Evolution
The evolution subsystem optimizes agent system prompts through RLVR (Reinforcement Learning with Verifiable Reward) during GPU idle periods. It generates candidate prompts, evaluates them against held-out tasks, and promotes winners — operating as a continuous self-improvement loop.
Evolution Cycle
1. EvolutionDaemon monitors GPU utilization
2. When idle (<30% for 60s), select next agent (round-robin)

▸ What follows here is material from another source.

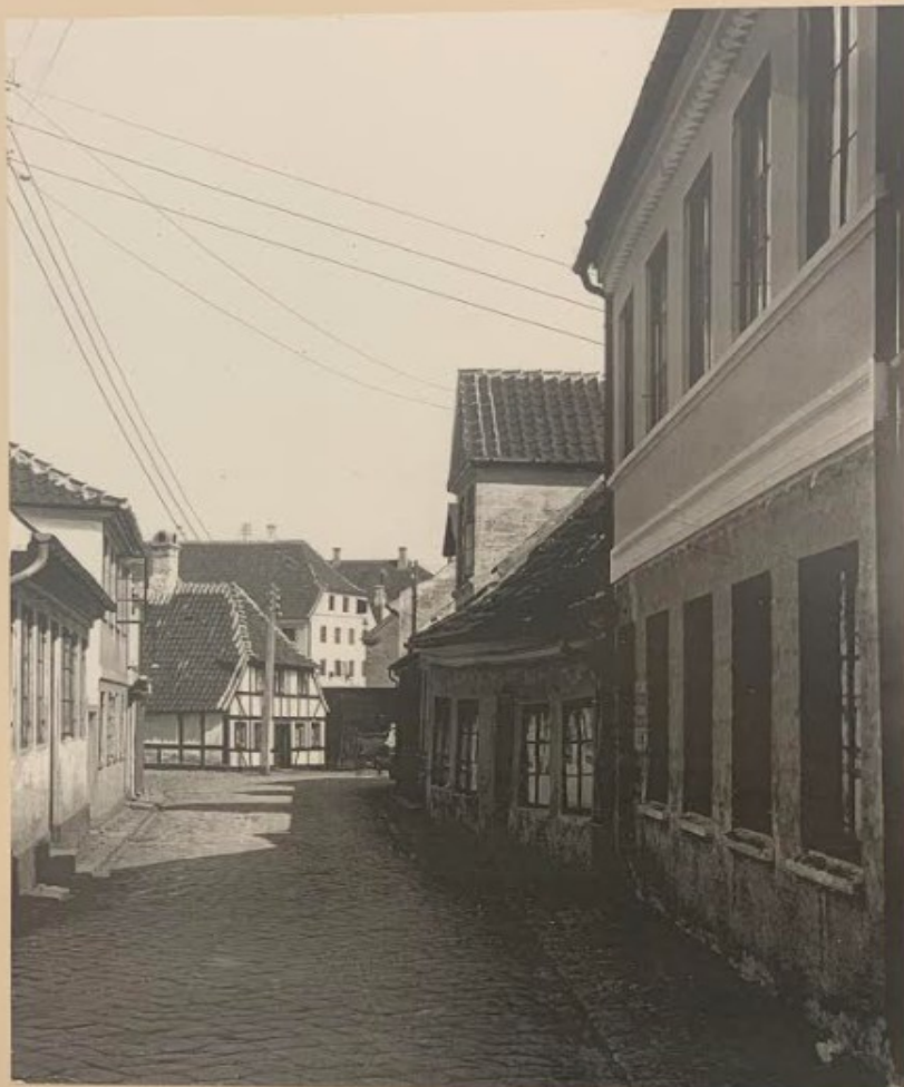
Kullinggade mod Gåsetorvet.

-Lad byen blive stolt, så Skjærbæk kan lægge navn til pladsen foran den Italienske Villa fx Skjærbæk plads.

3. CurriculumAgent orders tasks by difficulty
4. AgentRunner generates responses via engine scheduler
5. DaemonOracle verifies responses against RASE constraints
6. compute_reward() produces scalar training signal
7. APO/GEPA optimizes prompt based on reward trajectory
8. If improved, promote new version; record lineage
The DaemonOracle uses the same RASE verification pipeline as production — Constraint[S] composition evaluated against API ground truth. This ensures the evolution reward signal is verifiable, not learned.
Optimization Methods
| Method | Description | Reference |
|---|---|---|
| APO | Automatic Prompt Optimization — gradient-free meta-prompt search | Zhou et al., 2023 |
| GEPA | Genetic Evolution of Prompt Architectures — crossover/mutation | Guo et al., 2024 |
Task Sources
Evolution draws training tasks from three sources:
| Source | Method | Coverage |
|---|---|---|
| Nous Research | JSONL reasoning tasks (load_reasoning_tasks()) | General reasoning |
| RASE Objectives | KB objectives → tasks via ObjectiveGenerator | Domain-specific verification |
| Task Ideation | TaskIdeationAgent analyzes capability gaps | Targeted improvement |
The CurriculumAgent orders tasks by difficulty, ensuring agents encounter progressively harder challenges rather than random sampling.
Held-Out Evaluation
The DailyEvaluator runs held-out evaluation against a reserved query pool — queries the evolution process has never seen:
- Sample N queries from the held-out pool (default 50)
- Run each through
AgentRunnerwith the current prompt - Score responses via the xAI evaluator (independent critique)
- Aggregate into a
DailyEvalSummarywith accuracy, per-capability breakdown, and trend
This provides an unbiased measurement of agent improvement over time, separate from the training reward signal.
Calibration
The CalibrationOracle cross-validates local evaluation scores against frontier models (Cerebras, xAI). If local scores diverge significantly from frontier assessments, it flags calibration drift — preventing the system from optimizing toward a biased local metric.
Model Merging
Agent versions can be combined in parameter space:
| Method | Description | Reference |
|---|---|---|
| Linear | Weighted average: theta = alpha * theta_1 + (1-alpha) * theta_2 | — |
| TIES | Resolves sign conflicts between model deltas | Yadav et al., 2023 |
| DARE | Drop and rescale for sparse merging | Yu et al., 2024 |
The MergeCoordinator identifies merge candidates (versions with complementary strengths) and validates merged models before registration.
Atropos Compatibility
GaiusEvolutionEnv implements the Atropos BaseEnv interface, exposing Gaius evolution as a standard RL environment for external frameworks:
env = GaiusEvolutionEnv("leader")
item = await env.get_next_item() # Training task
reward = await env.score_response(response) # Verifiable reward
Configuration
evolution {
enabled = true
idle_threshold = 60 # seconds of GPU idle before triggering
cycle_interval = 3600 # minimum seconds between cycles
}
The daemon runs in the engine process and activates only during GPU idle periods to avoid competing with interactive inference.